— Records shown —
"""
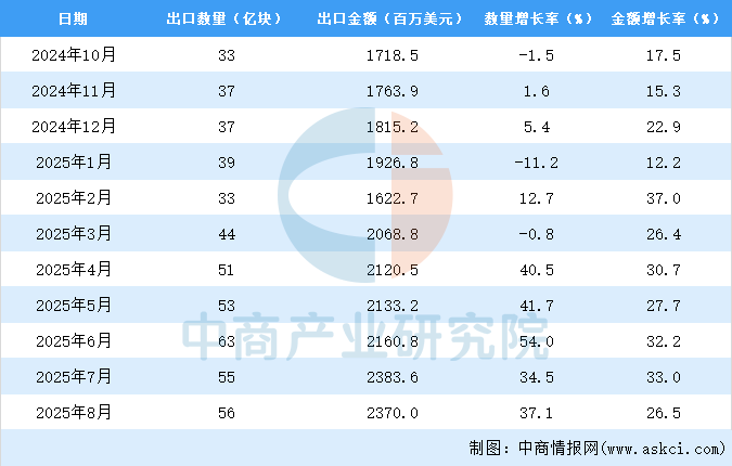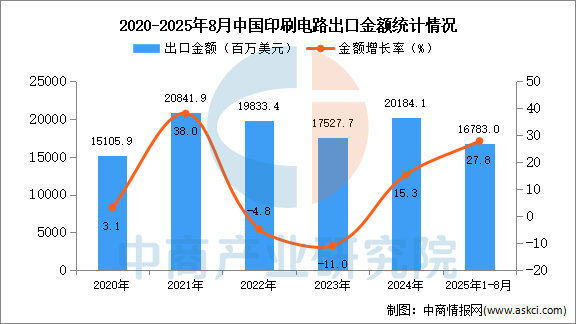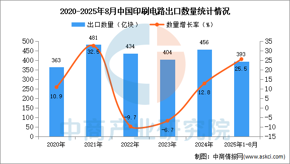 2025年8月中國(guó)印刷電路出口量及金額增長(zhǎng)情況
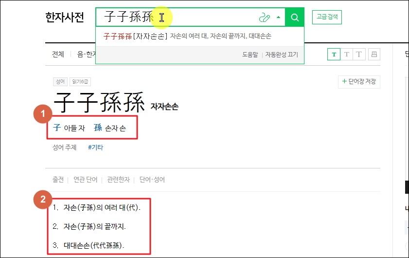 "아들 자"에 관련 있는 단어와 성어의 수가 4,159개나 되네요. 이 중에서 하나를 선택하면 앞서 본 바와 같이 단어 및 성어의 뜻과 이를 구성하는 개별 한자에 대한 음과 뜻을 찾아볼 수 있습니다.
"""
"""
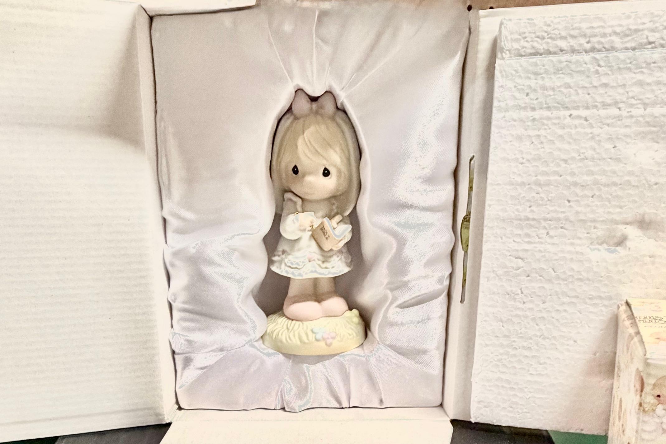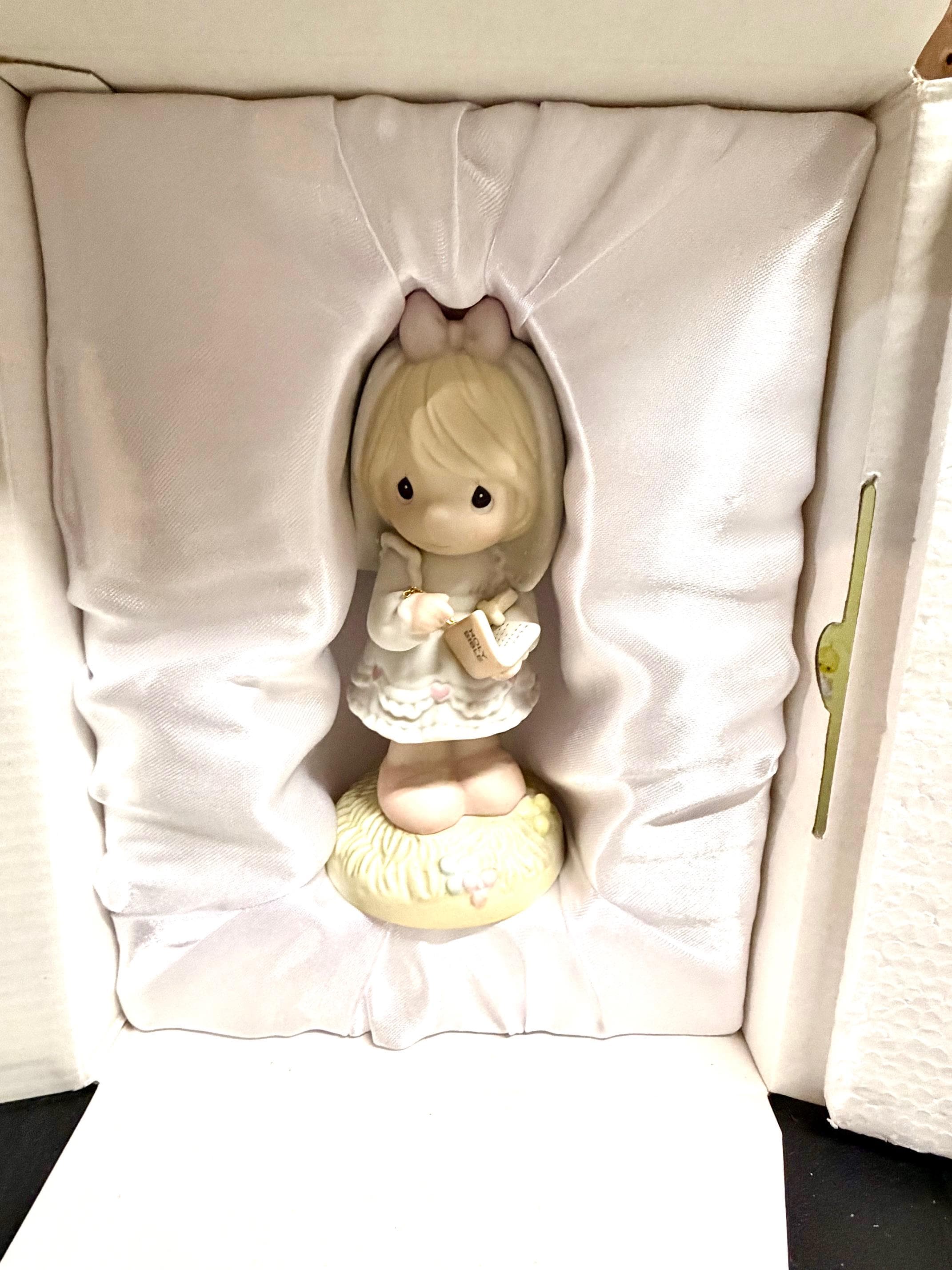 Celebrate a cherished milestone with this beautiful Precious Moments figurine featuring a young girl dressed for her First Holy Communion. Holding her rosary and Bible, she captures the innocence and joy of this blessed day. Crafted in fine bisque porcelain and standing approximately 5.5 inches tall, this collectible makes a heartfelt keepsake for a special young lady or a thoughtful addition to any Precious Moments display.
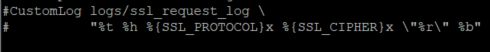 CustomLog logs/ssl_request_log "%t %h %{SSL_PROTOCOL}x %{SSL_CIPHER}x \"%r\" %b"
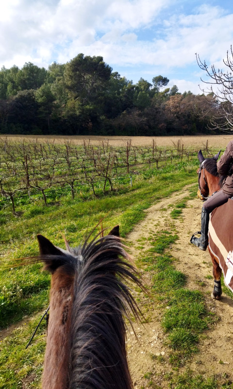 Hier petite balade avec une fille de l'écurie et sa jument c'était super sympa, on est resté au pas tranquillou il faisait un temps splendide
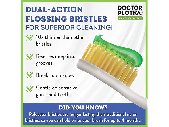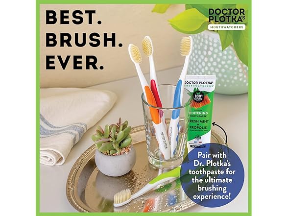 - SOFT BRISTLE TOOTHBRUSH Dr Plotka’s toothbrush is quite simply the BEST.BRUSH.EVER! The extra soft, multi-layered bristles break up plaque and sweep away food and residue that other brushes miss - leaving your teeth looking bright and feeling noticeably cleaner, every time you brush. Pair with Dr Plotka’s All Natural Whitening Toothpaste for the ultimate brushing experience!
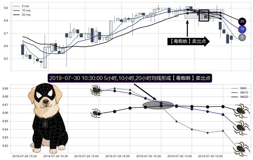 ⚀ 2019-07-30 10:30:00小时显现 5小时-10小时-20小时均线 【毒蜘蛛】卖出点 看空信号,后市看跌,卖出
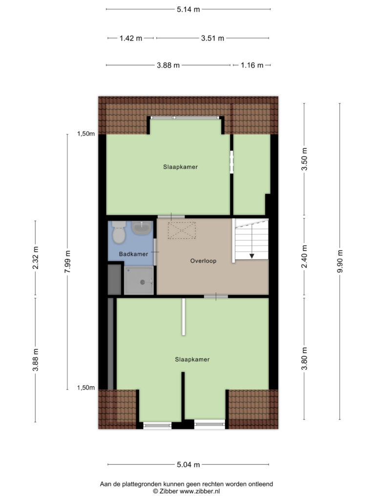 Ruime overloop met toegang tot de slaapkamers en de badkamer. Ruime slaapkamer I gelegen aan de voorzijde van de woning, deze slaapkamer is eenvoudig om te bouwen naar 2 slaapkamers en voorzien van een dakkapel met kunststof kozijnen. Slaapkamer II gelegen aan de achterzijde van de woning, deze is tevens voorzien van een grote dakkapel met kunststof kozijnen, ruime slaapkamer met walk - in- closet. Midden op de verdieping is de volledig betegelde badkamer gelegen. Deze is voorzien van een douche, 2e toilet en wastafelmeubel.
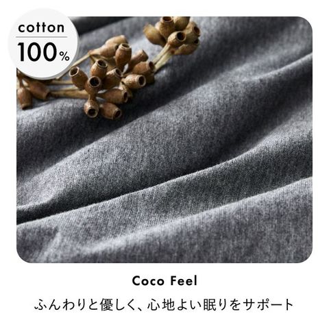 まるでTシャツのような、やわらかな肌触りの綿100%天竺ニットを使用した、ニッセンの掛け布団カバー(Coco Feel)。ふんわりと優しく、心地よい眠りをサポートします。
"""
— Problem —
Go to the line above that has "5小时-10小时-20小时均线 【毒蜘蛛】卖出点 看空信号,后市看跌,卖出" and copy exactly from there down to the line that has "まるでTシャツのような、やわ", both included. Leave the pictures out.

— Your solution —
 ⚀ 2019-07-30 10:30:00小时显现 5小时-10小时-20小时均线 【毒蜘蛛】卖出点 看空信号,后市看跌,卖出
 Ruime overloop met toegang tot de slaapkamers en de badkamer. Ruime slaapkamer I gelegen aan de voorzijde van de woning, deze slaapkamer is eenvoudig om te bouwen naar 2 slaapkamers en voorzien van een dakkapel met kunststof kozijnen. Slaapkamer II gelegen aan de achterzijde van de woning, deze is tevens voorzien van een grote dakkapel met kunststof kozijnen, ruime slaapkamer met walk - in- closet. Midden op de verdieping is de volledig betegelde badkamer gelegen. Deze is voorzien van een douche, 2e toilet en wastafelmeubel.
 まるでTシャツのような、やわらかな肌触りの綿100%天竺ニットを使用した、ニッセンの掛け布団カバー(Coco Feel)。ふんわりと優しく、心地よい眠りをサポートします。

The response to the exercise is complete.